It only took me thirty seconds to clear a hole big enough to see out of, but it felt like thirty minutes. I got back in the car, shifted into drive, and zoomed onto the street.
“I don’t feel so good,” John whispered as I sped down Spofford.
“You’ll be fine,” I said, trying to convince us both.
But as I looked at the swelling creeping up his arm I knew that wasn’t true and I think John knew it too. I made a right onto Gifford, squealed around the corner onto West Street, and went through the intersection without stopping for the light. A guy driving an ’85 Camaro beeped and gave me the finger. I ignored him as I sped by. Out of the corner of my eye I watched a rope of saliva slide out of John’s mouth and fall onto his lap. I touched his shoulder, but he shrugged my hand off.
As we passed the All Souls Pentecostal Church, I asked him if he knew who had sent him the package. He answered me, but his words were so garbled I couldn’t understand them. He tried again, his mouth contorting with the effort. Nothing came out. The toxin was paralyzing his vocal chords.
I accelerated. Then as I was rounding the corner at Townsend and Clark I must have hit a patch of black ice because the car skidded out and I sideswiped a Jeep parked on the corner. I was straightening my wheels when I heard the wheezing. I glanced over. John’s face had gone gray. His chest was heaving like a bellows.
“Hold on,” I pleaded. “We’re almost there.”
This time he didn’t brush my hand away. I don’t think he could have even if he had wanted to.

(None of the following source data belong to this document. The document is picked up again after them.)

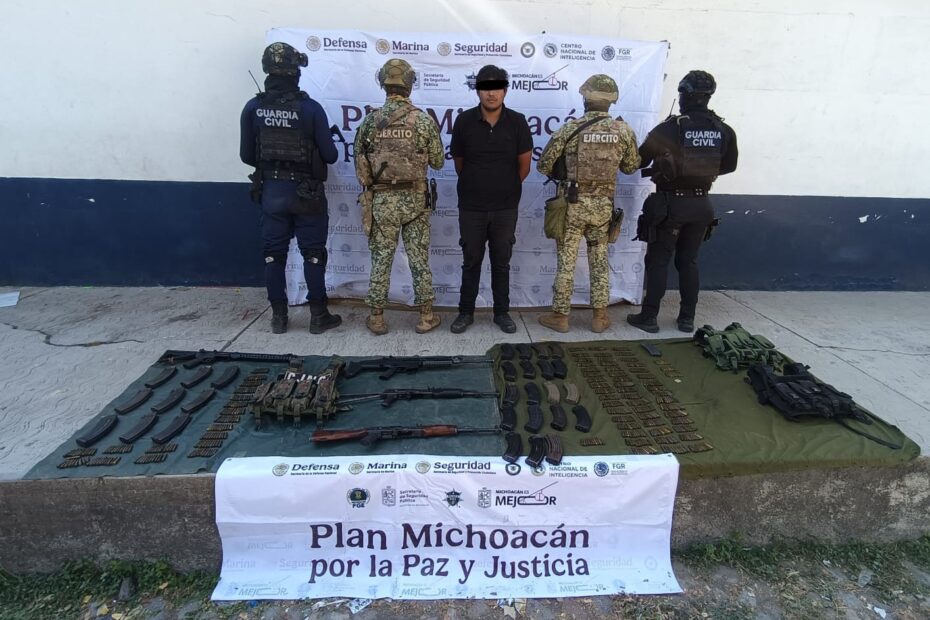 Un sujeto conocido con el alias de “El Cochiloco, presunto integrante del Cartel Jalisco Nueva Generación, fue detenido por las fuerzas del orden en posesión de un arsenal y un vehículo con reporte de robo, en las inmediaciones de la población de Acahuato, en la periferia del municipio de Apatzingán.
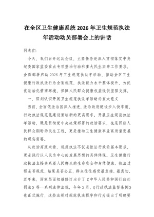 在全区卫生健康系统2026年卫生规范执法年活动动员部署会上的讲话
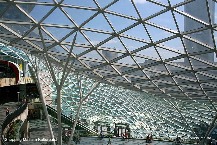 Dachkonstruktion aus Glas, welche das Gebäude sehr
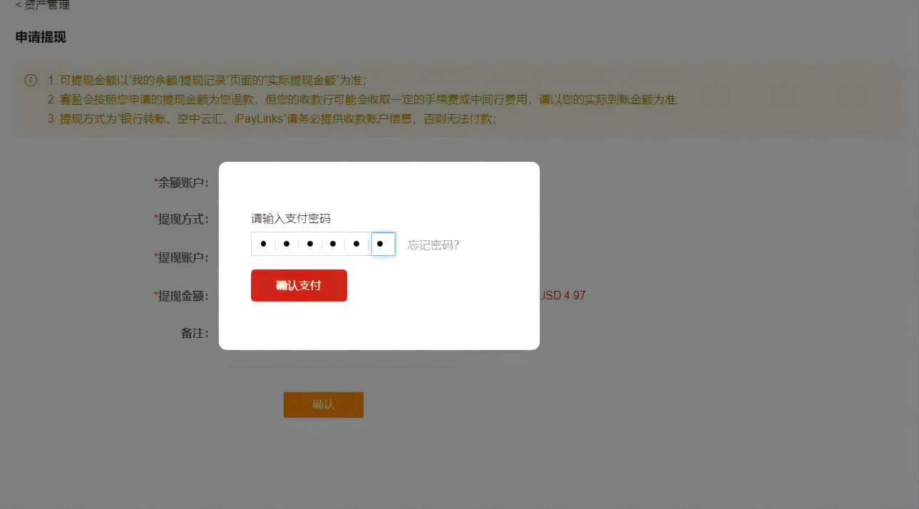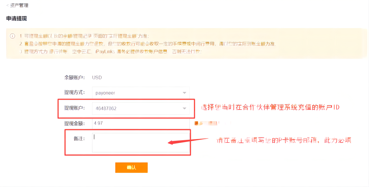 第七步:关于提现:与在赛盈分销平台直接充值不同的是,在合作伙伴管理系统充值的资金关联的是您的P卡账户ID,而非P卡账号邮箱,因此在创建提现单时,请在备注框内填写您充值时的账号邮箱,否则无法提现。
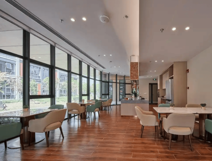 更值得一提的是,养老院与山姆会员店相邻,日常采购优质生鲜、生活用品等无需远行,极大提升了生活购物的便利性;同时,与上海第九人民医院浦东分院仅一墙之隔,这一近距医疗资源为老年人的健康提供了坚实保障,日常就医、突发疾病救治都能快速响应,彻底缓解了老年人与家属的就医焦虑。
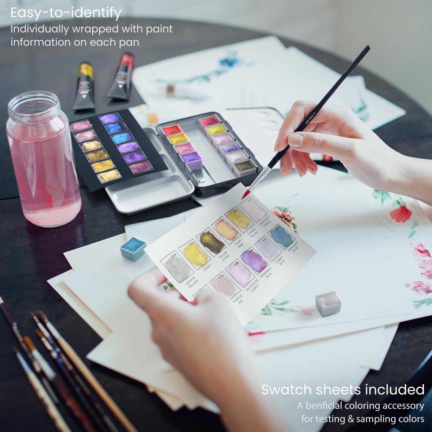 ARTEZA Metallic Watercolor Paint Set – 12 Iridescent Half Pans, Compact Travel Palette with Brush for Painting, Journaling & Mixed Media
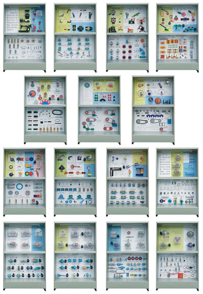 機械綜合式陳列柜該設備是根據大中專(zhuān)院校、職業(yè)學(xué)校的教學(xué)大綱設計的多功能機械綜合示教室是一套《機械原理》、《機械零件》、《減速器》共500余種模型,分三大類(lèi)合并成的機械電化教學(xué)設備。共15個(gè)柜,30個(gè)板面。該設備采用新型觸摸液晶屏電腦控制主控臺。Mp3解說(shuō),觸摸屏、遙控控制,聲控同步循環(huán)播放進(jìn)行演示;又根據教材,教學(xué)需要而任意選擇單獨運轉演示。本產(chǎn)品的特點(diǎn):使作方便,占地面積小,結構新穎實(shí)用,制作工藝更加美觀(guān),整套設備演示形象逼真,運行可靠,有效的提升了教學(xué)生動(dòng)性、趣味性及產(chǎn)品壽命。是一套現代化的機械課程示教室設備。
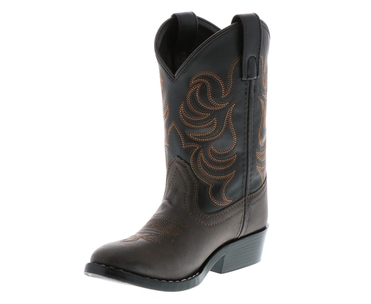 Dress your little one in this durable leather cowboy inspired Monterey western boot from Smoky Mountain.
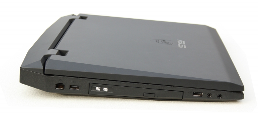 Besides a monster of a gaming laptop you also get some extras with the G73, including a very useful backpack plus a gamer mouse and a headset. The Republic of Gamers G73HJ itself is a fairly heavy machine of course, but not much heavier than the average 17-inch notebook. It’s built with a stealth bomber-inspired design, which includes a solidly built housing that matches the description. It certainly looks like a stealth bomber with an emphasis on stealth – it’s not as liberally decorated as some other gaming laptops. There are virtually no glossy plastics and the G73JH is all dressed in black with a soft coating material.
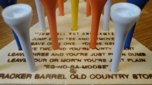 There’s plenty to look at while you wait, and the fun doesn’t stop after you’re seated. Who’s up for a challenging round of the peg game? You know the one with a triangle-shaped piece of wood featuring pegs filled with golf tees? The object is to “jump” and remove the other tees, leaving only one tee standing. It sounds more exciting than it is. But then, maybe I’m just bitter because I’ve yet to win.

As I made a sharp turn onto Ash, John fell against my arm. He shuddered and made a half gurgling, half barking noise. A stain spread over the front of his pants. The smell of feces filled the air. I said a prayer, put my foot down to the floor, my hand on the horn, and went up West Street at eighty miles an hour. I careened into the hospital parking lot, tromped on the brakes and ran hollering into reception. Suddenly people were lifting John out of the car. Everything was a blur of motion. A resident materialized beside me and I filled him in. When I was done, he started running down the hall after the stretcher.
“Was that John Blount?”
I spun around. A big sandy-haired man in jeans was talking to me.
I nodded.
“What the hell happened to him?”
But before I could tell him, hands were guiding me over to the receptionist’s cubicle. She sat poised at her computer, a gum-chewing Cerberus with black fingernails. After we were done, a gray-haired lady introduced herself as Mrs. Goff and shepherded me back through the crowded waiting area to a private room. Then she closed the door and asked me if I wanted something to drink,
I think it was her solicitude that made me realize John was dead. They had put me in here in case I broke down. Only I wasn’t going to. When I’d found Murphy lying in his car in the driveway I hadn’t been able to stop screaming. After I’d woken up from the shot the doctor had given me, I’d vowed I’d never let myself get that way again.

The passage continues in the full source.